The followers nodded. At that moment, each felt that he did not even need the warmth of the fire, so filled was he with the burning passion of righteousness.
"I tell you the voice itself may have been from Satan. And look how powerless it is now. Yet look how frightening it was, coming from the dark."
The young men nodded.
The leader said, "We alone are powerful. Satan only appears powerful, but like the night noise holds no meaning. Satan's power is an illusion, as slender a thing as the infidel's weak yearning for peace. There is but one peace. That is in heaven. On earth, there is another peace and that is the victory of Islam."

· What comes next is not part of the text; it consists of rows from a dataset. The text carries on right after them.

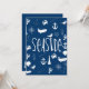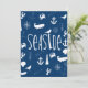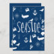 Praia marítima e tema oceânico náutico em azul e branco marinho
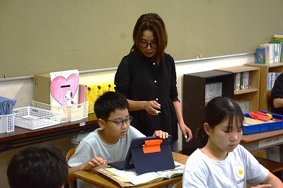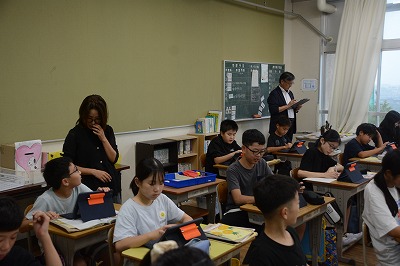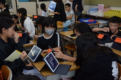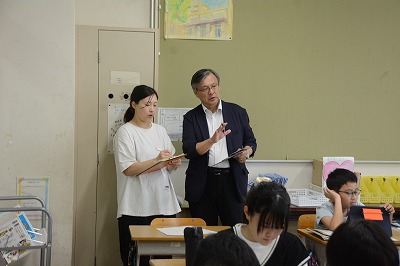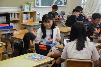 ◇6年生 今日は長年、本校の英語科教育にアドバイザーとしてお世話になっている大学の教授に来ていただき、授業を参観していただくとともに授業者や英語科担当の教員にアドバイスをいただきました。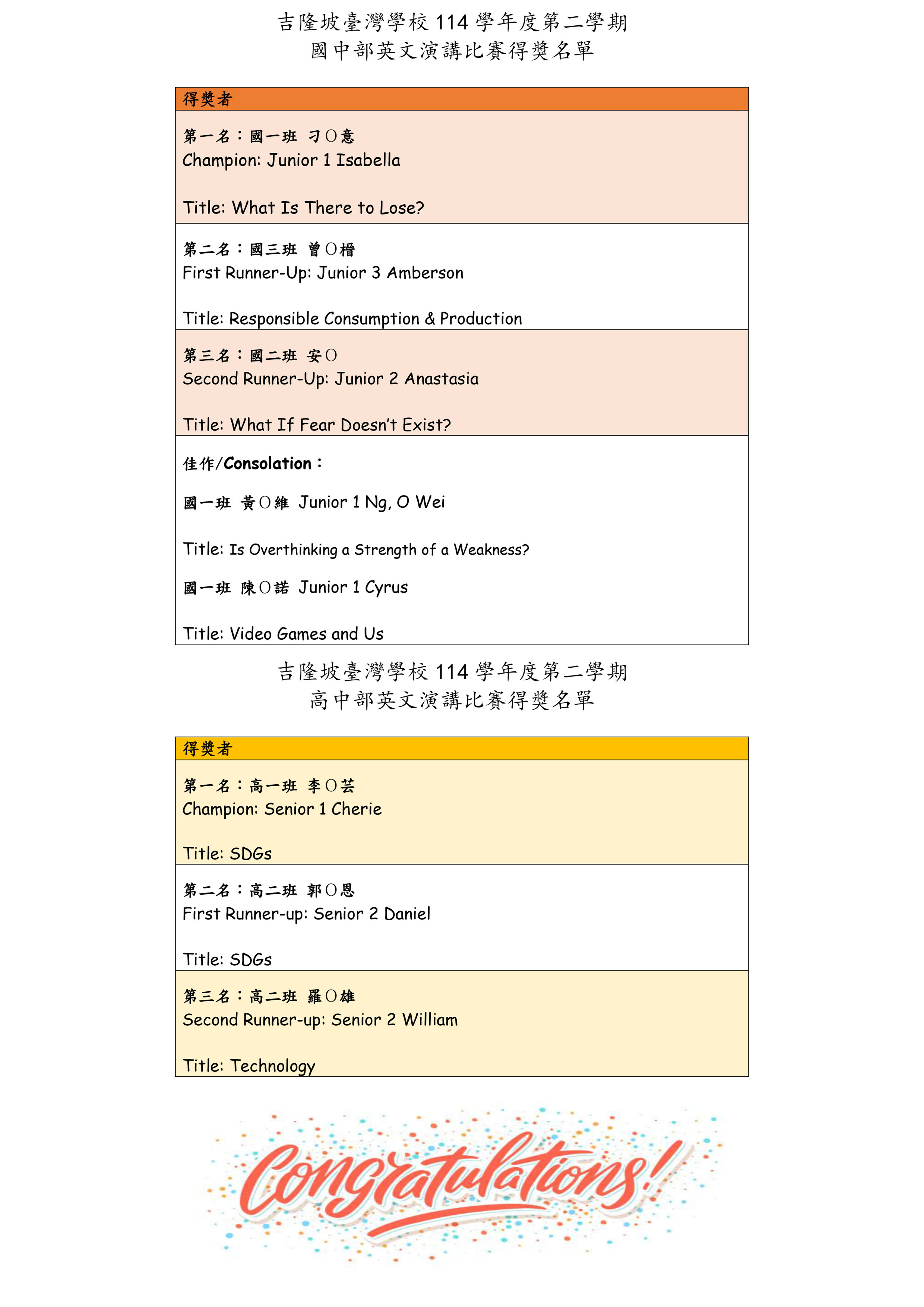 / 114學年度 第二學期 中學部英文演講比賽得獎名單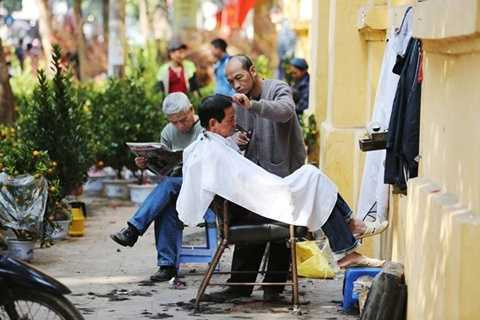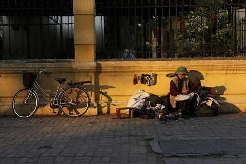 Nắng mới xiên khe trên phố Lý Thường Kiệt. Một cụ già ngồi chờ khách sửa chữa giày dép.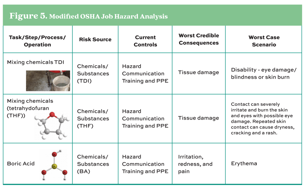 The authors proposed a new best practice model to assess the dermal exposure risks. This new model addresses the multiple chemical risks associated with the current state of mattress production. This model can be easily applied to other scenarios where multiple chemical exposures exist. The approach starts with risk identification. Using a modified OSHA Job Hazard Analysis form is shown in Fig. 5.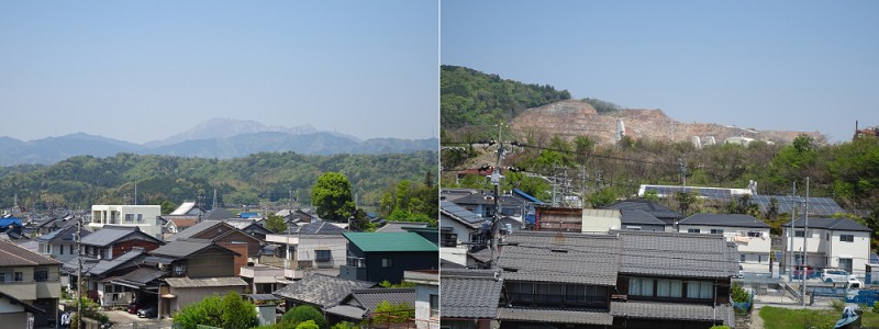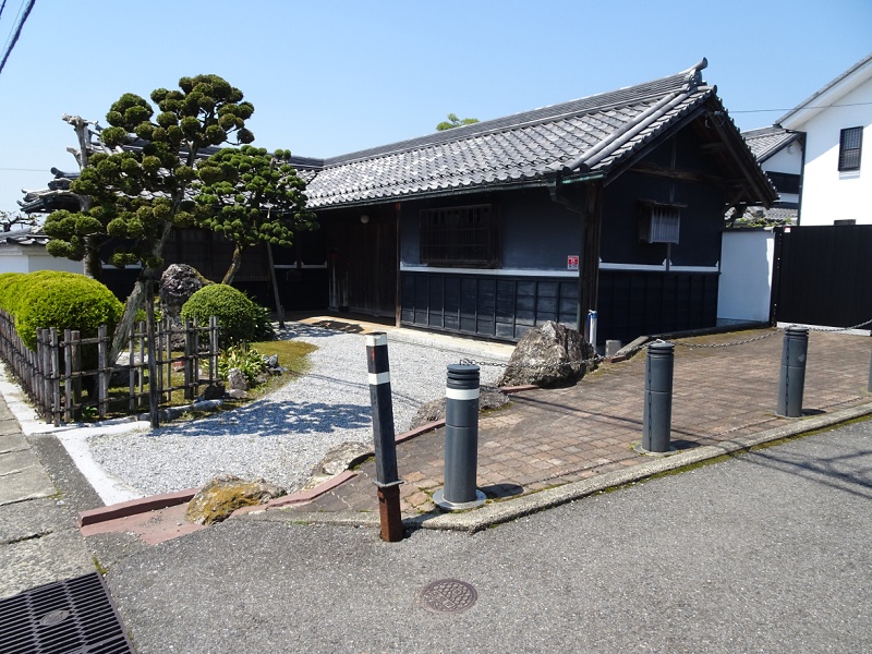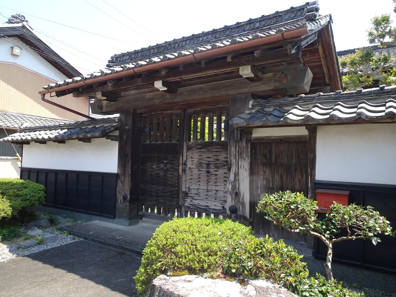 古墳の頂上からは伊吹山や関ケ原、濃尾平野を一望できます。 金生山は2億5千年前、海底の地殻変動が逆断層し隆起してできた山です。日本有数の石灰岩、大理石の産地として知られ、古生代の化石が豊富に出土しており、化石の宝庫でもあります。 中山道へ戻り少し進むと右手に「旧早野邸」、そのすぐ先右手の角にも長屋門のある立派な旧家があります。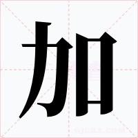 又如:加注解;加符号;加一钱(收到本金十分之一的高利贷);加二(二成);加绪含容(增加功绩,包含宽容。绪:功绩);加纳(加官受职);加年(年龄增长);加兵(增加兵力)
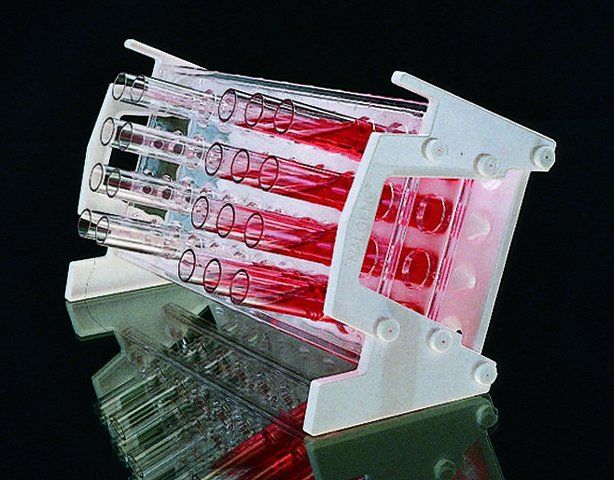 | General description【一般描述】 | Unique end plate design allows 5° or 20° slant when rack is set down on side. Autoclave media upright, then allow to cool on a side. Media will harden with perfect, consistent slant. Also useful for incubating liquids on a slant for better aeration. Rack holds 40 tubes (4 × 10 array); keyed with numbers and letters. Stackable; will not float in water bath. Autoclaving will reduce strength over time. |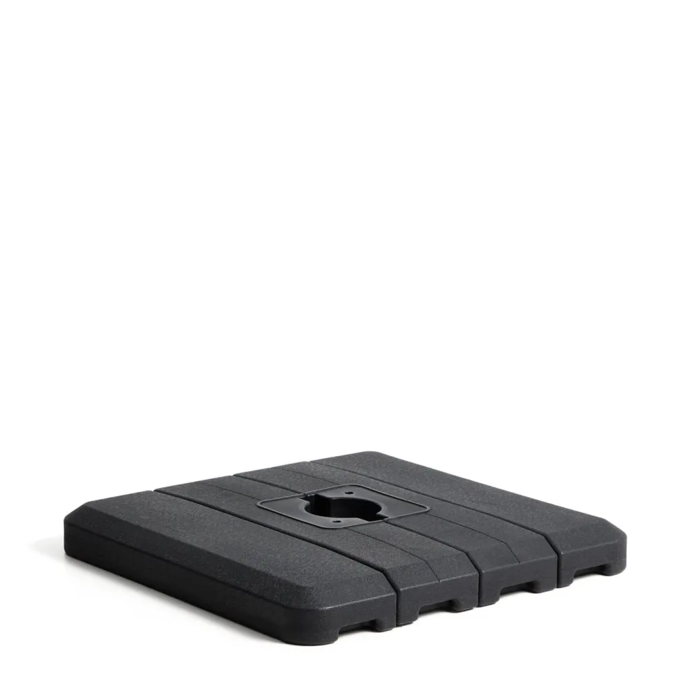 Stabiliteit voor excentrische parasols De Alfaz parasolvoet is ontworpen voor excentrische parasols en zorgt voor een goede stabiliteit buitenshuis. Hij kan worden gevuld met water of zand om het nodige gewicht te bieden. Praktisch ontwerp Hij beschikt over een dop om hem gemakkelijk te vullen en te legen. Duurzaam kunststof voor buitengebruik Hij is gemaakt van duurzaam kunststof, een materiaal dat geschikt is voor buitengebruik en bestand is tegen blootstelling aan zon en weersomstandigheden. Praktisch en functioneel gebruik Een praktische en functionele oplossing om met meer veiligheid en gemoedsrust van de parasol te genieten.

"Naaah, I don't think so." It was the voice, but it came from a vision. The vision in this cold night was pale of body, with high cheekbones and dark eyes. It had thick wrists and wore only a short-sleeved shirt and thin trousers. It did not shiver and it did not fear.
It spoke.
"I have very bad news for you kids. I am reality, sent from America without much love."
"Be gone, vision," said the leader.
Remo laughed. He moved into the reach of the fire so that their eyes followed him. Then he reached toward one Iranian fanatic and with a cupped motion of his palm under the chin brought the man back, away from the flames, and into the dark with him.
"See," the leader said. "A vision. Now it is gone."
But everyone heard a small wrenching sound like a pipe cracking inside a bag of water.